How to Handle a Legalist

phariseeslegalistsI am loving the discussion in the comment section on the previous blog (scroll down and read it if you’re interested).

I’d like to add some fuel the fire.

SITUATION: Titus, a pagan Gentile, has turned to Jesus Christ. He is on the fast track to leadership in the church…

COMPLICATION: …but he isn’t circumcised. Most people don’t care, but some do. The “Judaistic agitators” make a big deal about Titus’ status.  If he’s going to be a leader in the church of the Messiah Jesus, he ought to at least be circumcised, right?

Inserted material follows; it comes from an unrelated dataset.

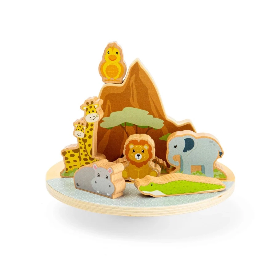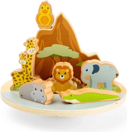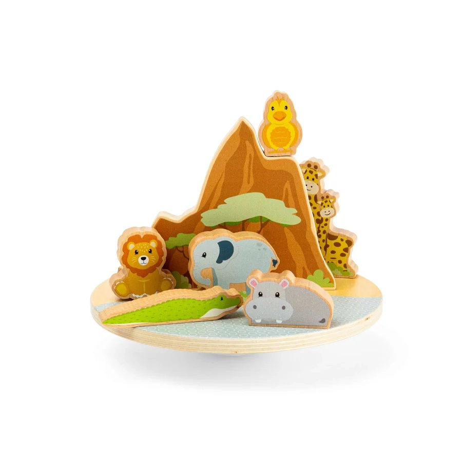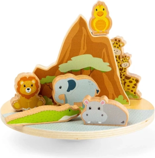 Balansirajuća igra džungle donosi djeci zabavu i učenje u jednom. Na nježno njihajućoj podlozi pokušavaju pronaći ravnotežu za lava, slona, žirafe, nilskog konja, krokodila i pticu. Šarene, masivne figurice savršeno leže u dječjoj ruci te potiču kreativno pripovijedanje i logičko razmišljanje.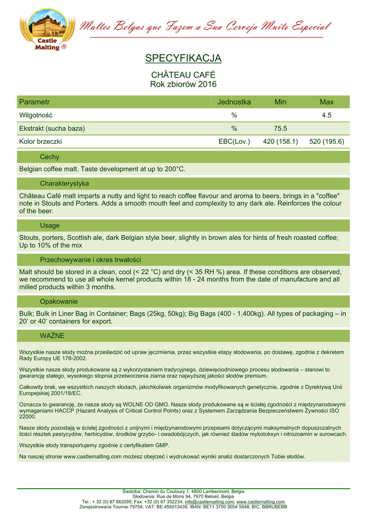 SPECYFIKACJA CHÂTEAU CAFÉ Rok zbiorów 2016 Parametr Jednostka Min Max Wilgotność % 4.5 Ekstrakt (sucha baza) % 75.5 EBC(Lov.) 420 (158.1) 520 (195.6) Kolor brzeczki Cechy Belgian coffee malt. Taste development at up to 200°C. Charakterystyka Château Café malt imparts a nutty and light to reach coffee flavour and aroma to beers, brings in a "coffee" note in Stouts and Porters. Adds a smooth mouth feel and complexity to any dark ale. Reinforces the colour of the beer. Usage Stouts, porters, Scottish ale, dark Belgian style beer, slightly in brown ales for hints of fresh roasted coffee; Up to 10% of the mix Przechowywanie i okres trwałości Malt should be stored in a clean, cool (< 22 °C) and dry (< 35 RH %) area. If these conditions are observed, we recommend to use all whole kernel products within 18 - 24 months from the date of manufacture and all milled products within 3 months. Opakowanie Bulk; Bulk in Liner Bag in Container; Bags (25kg, 50kg); Big Bags (400 - 1,400kg). All types of packaging – in 20’ or 40’ containers for export. WAŻNE Wszystkie nasze słody można prześledzić od upraw jęczmienia, przez wszystkie etapy słodowania, po dostawę, zgodnie z dekretem Rady Europy UE 178-2002. Wszystkie nasze słody produkowane są z wykorzystaniem tradycyjnego, dziewięciodniowego procesu słodowania – stanowi to gwarancję stałego, wysokiego stopnia przetworzenia ziarna oraz najwyższej jakości słodów premium. Całkowity brak, we wszystkich naszych słodach, jakichkolwiek organizmów modyfikowanych genetycznie, zgodnie z Dyrektywą Unii Europejskiej 2001/18/EC. Oznacza to gwarancję, że nasze słody są WOLNE OD GMO. Nasze słody produkowane są w ścisłej zgodności z międzynarodowymi wymaganiami HACCP (Hazard Analysis of Critical Control Points) oraz z Systemem Zarządzania Bezpieczeństwem Żywności ISO 22000. Nasze słody pozostają w ścisłej zgodności z unijnymi i międzynarodowymi przepisami dotyczącymi maksymalnych dopuszczalnych ilości resztek pestycydów, herbicydów, środków grzybo- i owadobójczych, jak również śladów mykotoksyn i nitrozoamin w surowcach. Wszystkie słody transportujemy zgodnie z certyfikatem GMP. Na naszej stronie www.castlemalting.com możesz obejrzeć i wydrukować wyniki analiz dostarczonych Tobie słodów. Siedziba: Chemin du Couloury 1, 4800 Lambermont, Belgia Słodownia: Rue de Mons 94, 7970 Beloeil, Belgia Tel.: + 32 (0) 87 662095; Fax: +32 (0) 87 352234; [email protected]; www.castlemalting.com Zarejestrowana Tournai 79754; VAT: BE.455013439; IBAN: BE11 3700 9054 5648; BIC. BBRUBEBB

CAVING IN: In the interests of peace and love, a lot of Christ-followers were going along with the pro-circumcision agitators.  “Why not get circumcised and we’ll all just get along.”

HECK NO!: Enter Paul, with fire in his belly:

“And this occurred because of false brethren secretly brought in (who came in by stealth to spy out our liberty which we have in Christ Jesus, that they might bring us into bondage), to whom we did not yield submission even for an hour, that the truth of the gospel might continue with you.” Galatians 2:4, 5, NKJV.

MORAL OF THE STORY:  In my humble interpretation of Scripture, we are commanded to defer to younger believers who might bruise their conscience or might slip into sin by copying our liberty.  We yield to our truly weaker (i.e., younger, newer-in-the-Lord) brother and sister.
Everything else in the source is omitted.